Collected data entries.

——

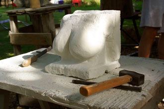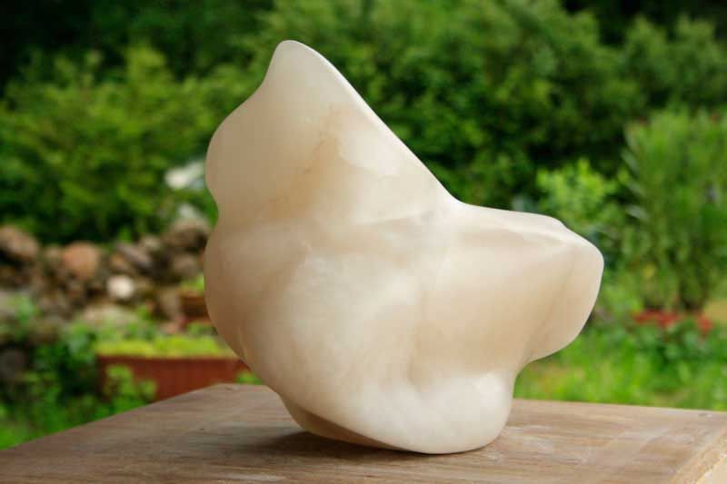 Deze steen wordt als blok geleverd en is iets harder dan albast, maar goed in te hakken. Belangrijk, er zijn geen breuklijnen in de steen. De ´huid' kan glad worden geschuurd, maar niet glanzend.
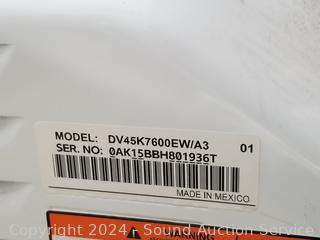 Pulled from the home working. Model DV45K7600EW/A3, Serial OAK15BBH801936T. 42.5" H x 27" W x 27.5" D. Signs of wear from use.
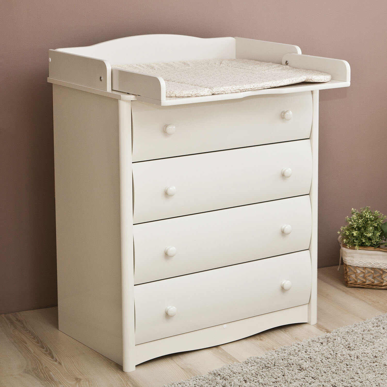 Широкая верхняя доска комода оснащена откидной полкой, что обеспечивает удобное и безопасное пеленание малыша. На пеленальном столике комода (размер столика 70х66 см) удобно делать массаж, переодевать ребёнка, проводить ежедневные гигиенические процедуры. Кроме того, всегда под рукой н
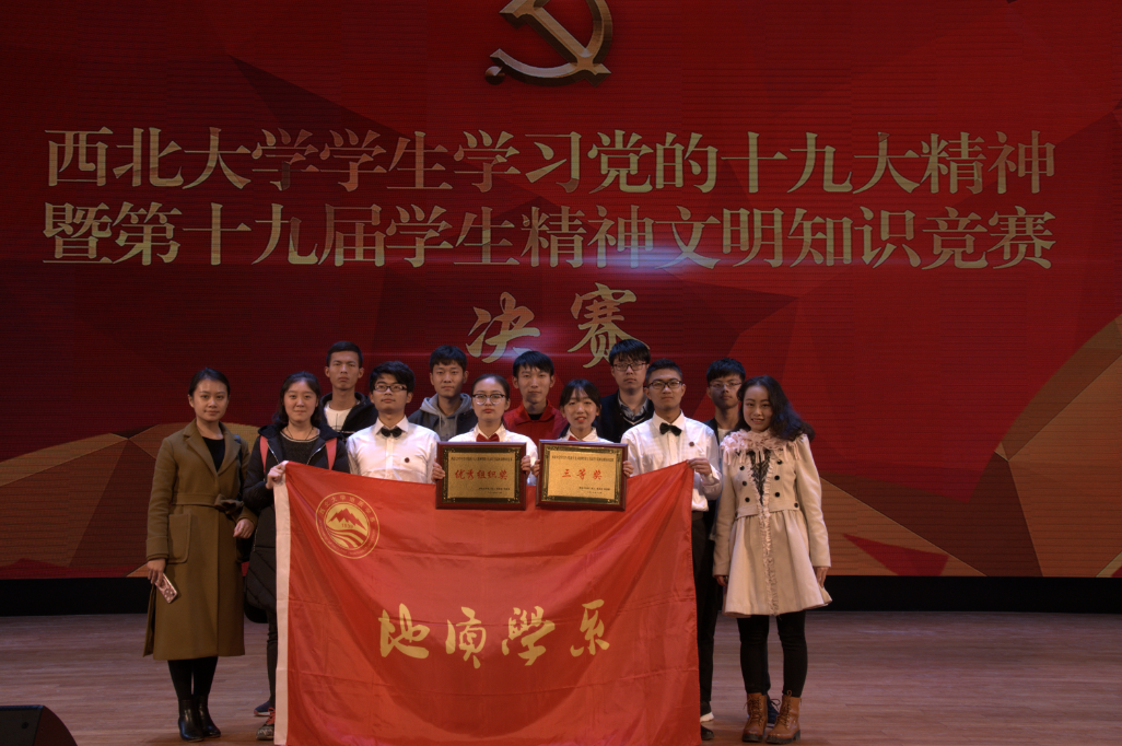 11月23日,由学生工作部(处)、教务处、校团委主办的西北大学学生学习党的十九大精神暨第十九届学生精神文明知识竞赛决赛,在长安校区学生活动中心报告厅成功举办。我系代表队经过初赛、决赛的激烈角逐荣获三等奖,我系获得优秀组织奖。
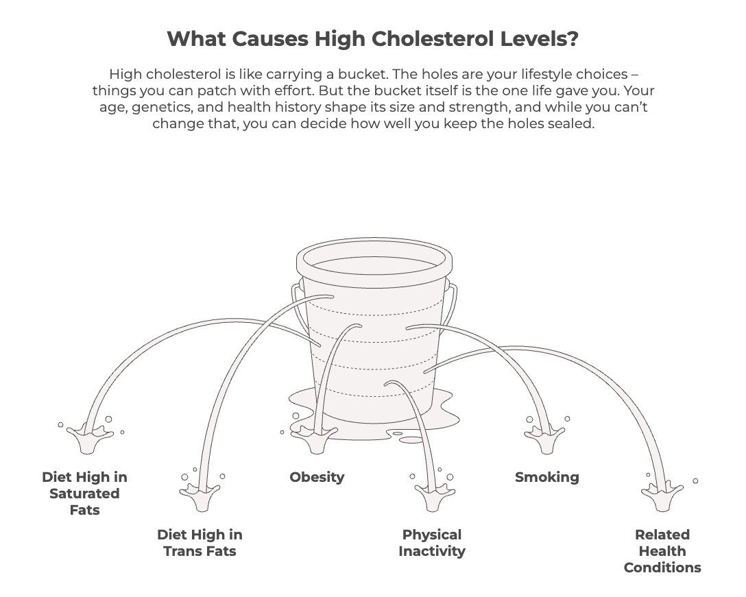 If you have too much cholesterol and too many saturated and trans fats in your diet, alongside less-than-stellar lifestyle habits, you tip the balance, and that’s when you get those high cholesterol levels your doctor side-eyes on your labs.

——

WHAT IS EXPECTED. Exact repeat, pictures omitted: give every line from the top of the records down to and including the line with "Pulled from the".

WRITTEN REPLY.
 Deze steen wordt als blok geleverd en is iets harder dan albast, maar goed in te hakken. Belangrijk, er zijn geen breuklijnen in de steen. De ´huid' kan glad worden geschuurd, maar niet glanzend.
 Pulled from the home working. Model DV45K7600EW/A3, Serial OAK15BBH801936T. 42.5" H x 27" W x 27.5" D. Signs of wear from use.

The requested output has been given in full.